Multi-source parsing keeps source identity and can detect duplicate keys across
files:

```rust
use bibtex_parser::{CorpusSource, Parser, Result, SourceId};

fn main() -> Result<()> {
    let sources = [
        CorpusSource::new("refs/a.bib", "@article{paper, title = \"A\"}"),
        CorpusSource::new("refs/b.bib", "@article{paper, title = \"B\"}"),
    ];

    let corpus = Parser::new().parse_sources(&sources)?;
    let duplicates = corpus.duplicate_keys();

    assert_eq!(corpus.entries().count(), 2);
    assert_eq!(duplicates[0].key, "paper");
    assert!(duplicates[0].cross_source);
    assert_eq!(duplicates[0].occurrences[1].source, SourceId::new(1));
    Ok(())
}
```

Use `Parser::parse_files` with the `parallel` feature for Rayon-backed parsing
of multiple files from disk.

## Semantics

- `Library::parse` and `Parser::parse` are strict by default.
- `Parser::tolerant()` recovers valid blocks after malformed input and records
  failures and diagnostics.
- `Library` expands string definitions and month constants for field access.
- `ParsedDocument` can retain raw entry, field, value, comment, preamble, string,
  and failed-block text when `preserve_raw()` is enabled.
- Source columns are 1-based Unicode scalar columns. Byte spans are also exposed
  for exact source slicing.
- Writer defaults preserve source order.
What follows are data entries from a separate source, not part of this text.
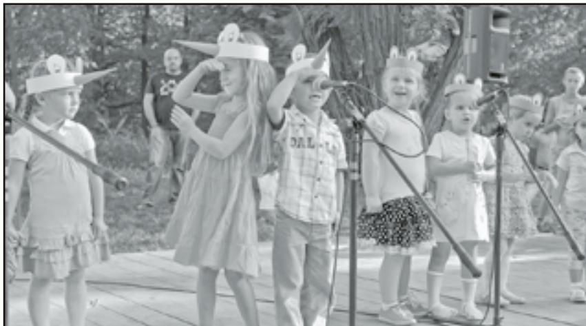
Przedszkolaki dały popis umiejętności wokalnych i gry aktorskiej

W części artystycznej zaprezentowały się dzieci z milikowickiego przedszkola, szkoły podstawowej w Mokreszowie oraz zespoły wokalaneczne z Dobromierza, Mokreszowa i Głuszycy. Stoiska przyciągały zapachami potraw – mało kto mógł się oprzeć domowym wypiekom, pierogom, szaszłykom, grochówce czy porcji prosiaka z rożna. Przedszkolaki również włączyły się w część kulinarną – razem z paniami upiekły ciasta. Biorąc udział w różnorodnych konkursach, można było zdobyć cenne nagrody takie jak zmywarka, odkurzacz czy wiertarka. Ogromnym powodzeniem wśród najmłodszych cieszyły się balonowe zwierzaki, które dzieci dostawały za udział w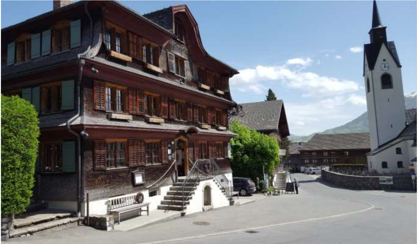
Historisches Gasthaus zum Hirschen mit Mörike-Stube, rechts die Kirche mit Werken von Angelika Kauffmann

Es ist für die Goethe-Gesellschaft Ludwigsburg e.V. obligatorisch, jedes Jahr eine mehrtägige Reise anzubieten. Für 2020 haben wir eine literarisch-musikalische Reise nach Schwarzenberg im Bregenzerwald / Vorarlberg geplant.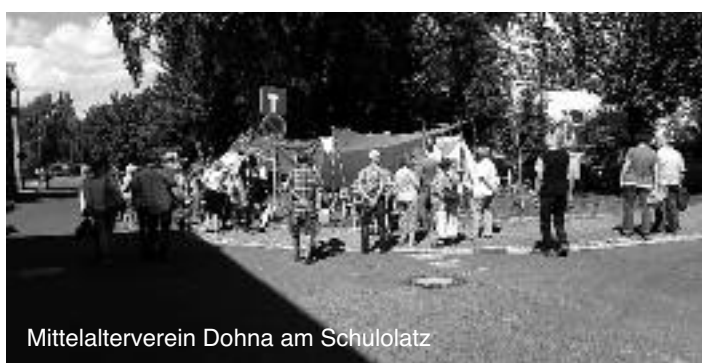
Mittelalterverein Dohna am Schulolatz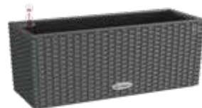
Balconera Cottage granit, sandbraun, lichtgrau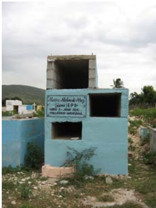
Jimani. Na cmentarzu

Na jednym z postojów cwaniaczek powiedział ostrym tonem, że na tym odcinku trasy napadają na cudzoziemców i ich okradają. Potem na następnym postoju powiedział, żeby dać mu aż 2000 gourdenów (prawie 50 dolarów) za ten cholerny przejazd. Podkreślił, że jeden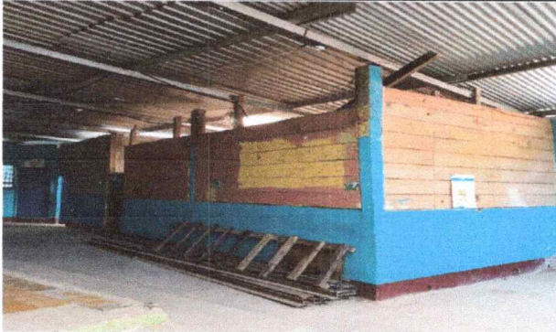
Foto1: EN ESTA FOTO SE PUEDE VER QUE ESTA AULA NO TIENE VENTANAS NI UNA PUERTA SEGURA.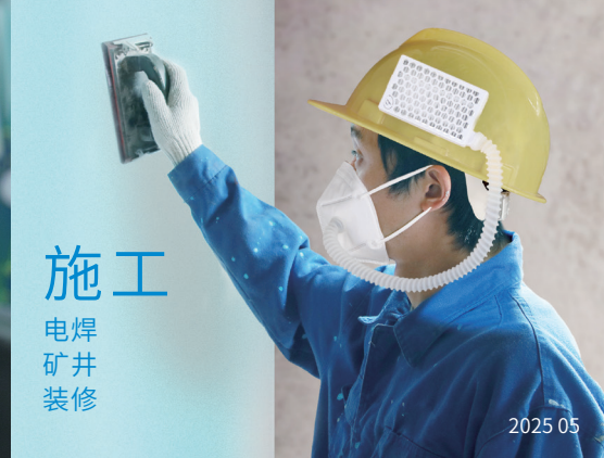
施工 电焊 矿井 装修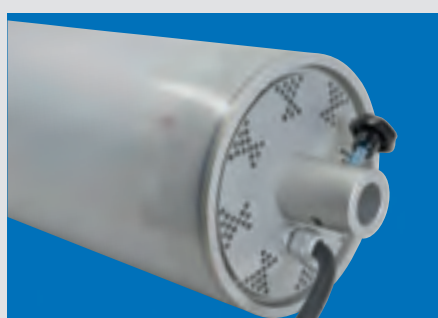
Aufnahme für Normzapfen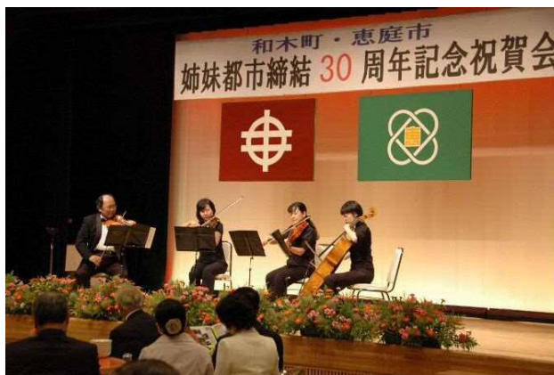
• 山口県和木町と恵庭市の「姉妹都市締結30周年記念祝賀会」開催(6月27日)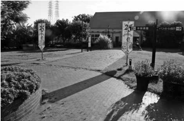
▲出店のスペースに適した中庭

答 既存施設との競合や関係者との調整が必要であり、今後、影響や効果等について研究していく。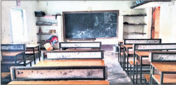
ସ୍କୁଲକୁ ପିଲାମାନେ ପଢ଼ିବାକୁ ଆସୁ ନ ଥିବାରୁ ଶିକ୍ଷକମାନେ କାର୍ଯ୍ୟାଳୟରେ ବସି ରହିଛନ୍ତି ।

Sorting, alignment, trailing commas,
  and normalized output are explicit choices.

## Reproducing Benchmarks

The repository includes Criterion benchmarks for parser throughput, tolerant
parsing, source-preserving parsing, streaming, writing, corpus parsing, common
library operations, and memory-oriented workloads.

Run the parser table:

```sh
cargo bench --bench performance --all-features -- --noplot throughput
```

Run the writing table:

```sh
cargo bench --bench performance --all-features -- --noplot writing
```

Python benchmark notes are in [README.md](README.md).

## Local Development

This repository uses a Guix manifest for local development:

```sh
guix shell -m manifest.scm --
```

Common gates:

```sh
cargo fmt --all -- --check
guix shell -m manifest.scm -- actionlint
cargo clippy --all-targets --all-features -- -D warnings
cargo test --all-features
cargo bench --all-features --no-run
```

Build and test the Python wheel:

```sh
guix shell -m manifest.scm -- maturin build --release --out target/wheels
rm -rf target/python-test
python3 - <<'PY'
from pathlib import Path
from zipfile import ZipFile

wheel = sorted(Path("target/wheels").glob("citerra-*.whl"))[-1]
target = Path("target/python-test")
target.mkdir(parents=True, exist_ok=True)
with ZipFile(wheel) as archive:
    archive.extractall(target)
PY
guix shell -m manifest.scm -- env PYTHONPATH=target/python-test python3 -m pytest tests/python
```

## Python Package

The Python package is `citerra`. See [README.md](README.md).

## Release Process

The release workflow builds the Rust crate, Python source distribution, and
ABI3 wheels for Linux, macOS, and Windows. Tagging `vX.Y.Z` runs release
validation, creates a GitHub release, publishes to crates.io, and publishes to
PyPI when the required repository environments and secrets are configured.

See [RELEASE.md](RELEASE.md) for the exact release gates
and setup requirements.

## License

Licensed under either of Apache-2.0 or MIT, at your option.